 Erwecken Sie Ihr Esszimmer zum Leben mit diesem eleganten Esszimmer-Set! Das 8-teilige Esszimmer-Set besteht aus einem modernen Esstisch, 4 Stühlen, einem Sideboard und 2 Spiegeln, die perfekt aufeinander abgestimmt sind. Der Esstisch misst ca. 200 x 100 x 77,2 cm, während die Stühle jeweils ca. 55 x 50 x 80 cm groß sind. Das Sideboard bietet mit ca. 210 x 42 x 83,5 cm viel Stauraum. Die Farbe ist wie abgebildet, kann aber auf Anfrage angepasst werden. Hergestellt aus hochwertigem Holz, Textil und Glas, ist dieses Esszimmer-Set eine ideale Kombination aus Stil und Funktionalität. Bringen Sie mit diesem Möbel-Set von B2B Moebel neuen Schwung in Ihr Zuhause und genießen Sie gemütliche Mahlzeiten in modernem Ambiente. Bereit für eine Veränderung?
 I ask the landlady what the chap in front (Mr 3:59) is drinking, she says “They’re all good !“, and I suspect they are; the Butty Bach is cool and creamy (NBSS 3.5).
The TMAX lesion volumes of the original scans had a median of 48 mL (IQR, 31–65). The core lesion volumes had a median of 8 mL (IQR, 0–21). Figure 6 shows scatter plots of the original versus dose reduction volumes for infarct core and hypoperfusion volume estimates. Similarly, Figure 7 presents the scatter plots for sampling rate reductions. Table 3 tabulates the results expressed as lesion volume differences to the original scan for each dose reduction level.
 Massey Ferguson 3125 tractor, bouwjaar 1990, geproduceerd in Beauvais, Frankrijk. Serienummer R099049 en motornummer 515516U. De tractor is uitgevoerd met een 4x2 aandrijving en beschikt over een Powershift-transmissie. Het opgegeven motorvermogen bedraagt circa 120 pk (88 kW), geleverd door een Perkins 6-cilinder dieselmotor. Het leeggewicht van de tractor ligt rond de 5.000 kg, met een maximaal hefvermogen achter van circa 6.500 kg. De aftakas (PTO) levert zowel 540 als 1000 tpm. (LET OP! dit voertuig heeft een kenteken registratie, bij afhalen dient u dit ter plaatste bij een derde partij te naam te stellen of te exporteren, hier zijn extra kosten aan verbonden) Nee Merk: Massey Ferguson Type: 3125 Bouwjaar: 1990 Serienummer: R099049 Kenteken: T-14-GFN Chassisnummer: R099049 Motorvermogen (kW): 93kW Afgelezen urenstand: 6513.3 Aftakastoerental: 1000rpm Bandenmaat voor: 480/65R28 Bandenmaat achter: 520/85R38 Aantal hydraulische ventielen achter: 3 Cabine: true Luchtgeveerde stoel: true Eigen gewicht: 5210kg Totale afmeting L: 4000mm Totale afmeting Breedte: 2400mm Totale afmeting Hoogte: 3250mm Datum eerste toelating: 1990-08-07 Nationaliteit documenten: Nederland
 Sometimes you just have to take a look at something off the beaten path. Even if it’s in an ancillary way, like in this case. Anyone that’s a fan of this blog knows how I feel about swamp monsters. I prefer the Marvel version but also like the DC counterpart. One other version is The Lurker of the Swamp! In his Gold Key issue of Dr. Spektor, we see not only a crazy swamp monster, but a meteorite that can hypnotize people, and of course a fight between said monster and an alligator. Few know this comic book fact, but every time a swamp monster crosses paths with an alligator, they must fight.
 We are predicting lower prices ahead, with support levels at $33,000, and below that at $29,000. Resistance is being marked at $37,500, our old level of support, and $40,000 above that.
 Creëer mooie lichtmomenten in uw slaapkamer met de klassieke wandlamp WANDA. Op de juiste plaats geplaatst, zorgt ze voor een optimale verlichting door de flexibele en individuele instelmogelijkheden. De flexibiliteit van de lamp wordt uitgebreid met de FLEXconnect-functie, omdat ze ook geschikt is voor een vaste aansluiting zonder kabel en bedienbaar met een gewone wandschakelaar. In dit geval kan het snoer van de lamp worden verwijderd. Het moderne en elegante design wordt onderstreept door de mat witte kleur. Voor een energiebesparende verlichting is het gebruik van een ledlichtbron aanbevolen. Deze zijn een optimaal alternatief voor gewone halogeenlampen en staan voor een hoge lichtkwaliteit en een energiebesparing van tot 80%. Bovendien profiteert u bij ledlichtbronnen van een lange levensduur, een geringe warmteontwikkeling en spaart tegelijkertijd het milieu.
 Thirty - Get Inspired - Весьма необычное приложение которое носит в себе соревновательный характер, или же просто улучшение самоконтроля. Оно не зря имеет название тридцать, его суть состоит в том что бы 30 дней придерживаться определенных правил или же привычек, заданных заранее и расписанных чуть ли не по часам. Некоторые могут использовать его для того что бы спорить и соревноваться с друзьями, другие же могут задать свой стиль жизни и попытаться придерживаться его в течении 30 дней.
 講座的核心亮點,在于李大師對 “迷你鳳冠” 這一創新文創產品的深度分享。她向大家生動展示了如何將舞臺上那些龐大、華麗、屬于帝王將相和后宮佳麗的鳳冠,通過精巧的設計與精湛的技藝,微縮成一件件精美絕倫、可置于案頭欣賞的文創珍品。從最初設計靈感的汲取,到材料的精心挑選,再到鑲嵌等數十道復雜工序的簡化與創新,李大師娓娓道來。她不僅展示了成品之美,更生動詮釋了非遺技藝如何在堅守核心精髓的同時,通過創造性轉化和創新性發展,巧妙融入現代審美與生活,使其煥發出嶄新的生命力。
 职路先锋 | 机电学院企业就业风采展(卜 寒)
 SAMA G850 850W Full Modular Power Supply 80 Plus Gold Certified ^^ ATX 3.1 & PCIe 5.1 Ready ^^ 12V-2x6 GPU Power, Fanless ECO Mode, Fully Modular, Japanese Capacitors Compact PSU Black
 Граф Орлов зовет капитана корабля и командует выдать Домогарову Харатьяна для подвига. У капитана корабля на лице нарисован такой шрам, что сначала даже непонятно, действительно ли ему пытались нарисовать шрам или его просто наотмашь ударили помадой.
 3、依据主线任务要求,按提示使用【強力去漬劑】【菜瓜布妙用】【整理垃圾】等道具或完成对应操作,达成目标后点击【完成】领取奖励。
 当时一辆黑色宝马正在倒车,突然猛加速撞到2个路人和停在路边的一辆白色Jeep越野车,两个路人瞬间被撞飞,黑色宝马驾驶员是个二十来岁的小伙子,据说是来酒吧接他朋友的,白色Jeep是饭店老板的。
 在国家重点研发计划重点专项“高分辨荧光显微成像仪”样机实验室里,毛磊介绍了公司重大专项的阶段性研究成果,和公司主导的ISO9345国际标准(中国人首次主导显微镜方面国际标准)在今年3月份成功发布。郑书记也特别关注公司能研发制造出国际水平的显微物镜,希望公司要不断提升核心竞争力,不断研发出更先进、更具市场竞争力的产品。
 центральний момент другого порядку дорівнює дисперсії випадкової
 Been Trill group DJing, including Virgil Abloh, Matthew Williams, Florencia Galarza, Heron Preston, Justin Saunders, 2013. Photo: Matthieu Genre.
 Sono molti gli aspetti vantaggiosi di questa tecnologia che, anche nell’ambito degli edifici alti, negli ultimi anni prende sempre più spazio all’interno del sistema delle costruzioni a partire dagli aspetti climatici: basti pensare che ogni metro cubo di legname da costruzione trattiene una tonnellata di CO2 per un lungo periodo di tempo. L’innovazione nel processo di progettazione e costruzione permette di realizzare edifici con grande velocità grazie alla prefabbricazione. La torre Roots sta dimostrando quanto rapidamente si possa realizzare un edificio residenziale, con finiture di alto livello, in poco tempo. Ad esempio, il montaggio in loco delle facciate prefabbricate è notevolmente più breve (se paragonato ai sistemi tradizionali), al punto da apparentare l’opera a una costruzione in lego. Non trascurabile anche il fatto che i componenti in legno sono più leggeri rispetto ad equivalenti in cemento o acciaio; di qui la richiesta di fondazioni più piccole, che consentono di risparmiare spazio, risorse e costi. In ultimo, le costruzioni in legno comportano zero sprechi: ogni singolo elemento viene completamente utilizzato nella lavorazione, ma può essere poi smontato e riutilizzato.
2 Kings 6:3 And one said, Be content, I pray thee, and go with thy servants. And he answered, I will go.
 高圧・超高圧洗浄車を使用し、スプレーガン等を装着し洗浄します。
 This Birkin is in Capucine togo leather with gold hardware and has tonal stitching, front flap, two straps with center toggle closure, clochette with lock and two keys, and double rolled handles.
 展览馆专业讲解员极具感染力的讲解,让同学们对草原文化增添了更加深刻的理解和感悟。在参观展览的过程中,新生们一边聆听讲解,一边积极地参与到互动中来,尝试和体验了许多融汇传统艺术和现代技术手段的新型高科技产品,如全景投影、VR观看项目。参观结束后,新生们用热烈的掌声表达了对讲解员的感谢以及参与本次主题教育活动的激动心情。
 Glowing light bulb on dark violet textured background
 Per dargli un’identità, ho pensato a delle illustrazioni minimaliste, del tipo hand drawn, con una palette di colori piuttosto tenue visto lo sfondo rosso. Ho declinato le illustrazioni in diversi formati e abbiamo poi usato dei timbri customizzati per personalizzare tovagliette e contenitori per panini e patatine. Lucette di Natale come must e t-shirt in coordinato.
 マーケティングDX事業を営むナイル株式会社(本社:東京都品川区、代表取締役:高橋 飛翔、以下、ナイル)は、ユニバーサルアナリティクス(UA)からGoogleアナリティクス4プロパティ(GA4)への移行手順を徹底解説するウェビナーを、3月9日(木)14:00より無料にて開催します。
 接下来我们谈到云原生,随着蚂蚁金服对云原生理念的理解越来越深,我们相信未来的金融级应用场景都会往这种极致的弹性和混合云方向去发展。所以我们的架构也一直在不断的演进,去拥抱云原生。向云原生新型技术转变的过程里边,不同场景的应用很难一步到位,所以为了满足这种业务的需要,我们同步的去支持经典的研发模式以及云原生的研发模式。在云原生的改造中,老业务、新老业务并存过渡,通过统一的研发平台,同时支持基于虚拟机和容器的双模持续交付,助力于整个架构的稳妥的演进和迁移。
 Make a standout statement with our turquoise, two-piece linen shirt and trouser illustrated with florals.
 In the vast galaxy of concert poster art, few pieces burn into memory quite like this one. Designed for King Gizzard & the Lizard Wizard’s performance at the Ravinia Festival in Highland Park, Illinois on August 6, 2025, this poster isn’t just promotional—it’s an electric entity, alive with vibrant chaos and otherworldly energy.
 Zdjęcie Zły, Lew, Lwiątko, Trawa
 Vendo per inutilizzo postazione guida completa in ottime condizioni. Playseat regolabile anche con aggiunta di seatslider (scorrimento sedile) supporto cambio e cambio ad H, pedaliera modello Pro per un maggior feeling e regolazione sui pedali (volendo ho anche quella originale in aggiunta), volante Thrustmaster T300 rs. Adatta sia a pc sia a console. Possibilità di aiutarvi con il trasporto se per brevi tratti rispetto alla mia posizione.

--------

■ **What you will do**
Nothing beyond the lines from the start of the entries through the line with "The TMAX lesion" should appear. Repeat those lines exactly, both ends included.

■ **Exercise result**
 Erwecken Sie Ihr Esszimmer zum Leben mit diesem eleganten Esszimmer-Set! Das 8-teilige Esszimmer-Set besteht aus einem modernen Esstisch, 4 Stühlen, einem Sideboard und 2 Spiegeln, die perfekt aufeinander abgestimmt sind. Der Esstisch misst ca. 200 x 100 x 77,2 cm, während die Stühle jeweils ca. 55 x 50 x 80 cm groß sind. Das Sideboard bietet mit ca. 210 x 42 x 83,5 cm viel Stauraum. Die Farbe ist wie abgebildet, kann aber auf Anfrage angepasst werden. Hergestellt aus hochwertigem Holz, Textil und Glas, ist dieses Esszimmer-Set eine ideale Kombination aus Stil und Funktionalität. Bringen Sie mit diesem Möbel-Set von B2B Moebel neuen Schwung in Ihr Zuhause und genießen Sie gemütliche Mahlzeiten in modernem Ambiente. Bereit für eine Veränderung?
 I ask the landlady what the chap in front (Mr 3:59) is drinking, she says “They’re all good !“, and I suspect they are; the Butty Bach is cool and creamy (NBSS 3.5).
The TMAX lesion volumes of the original scans had a median of 48 mL (IQR, 31–65). The core lesion volumes had a median of 8 mL (IQR, 0–21). Figure 6 shows scatter plots of the original versus dose reduction volumes for infarct core and hypoperfusion volume estimates. Similarly, Figure 7 presents the scatter plots for sampling rate reductions. Table 3 tabulates the results expressed as lesion volume differences to the original scan for each dose reduction level.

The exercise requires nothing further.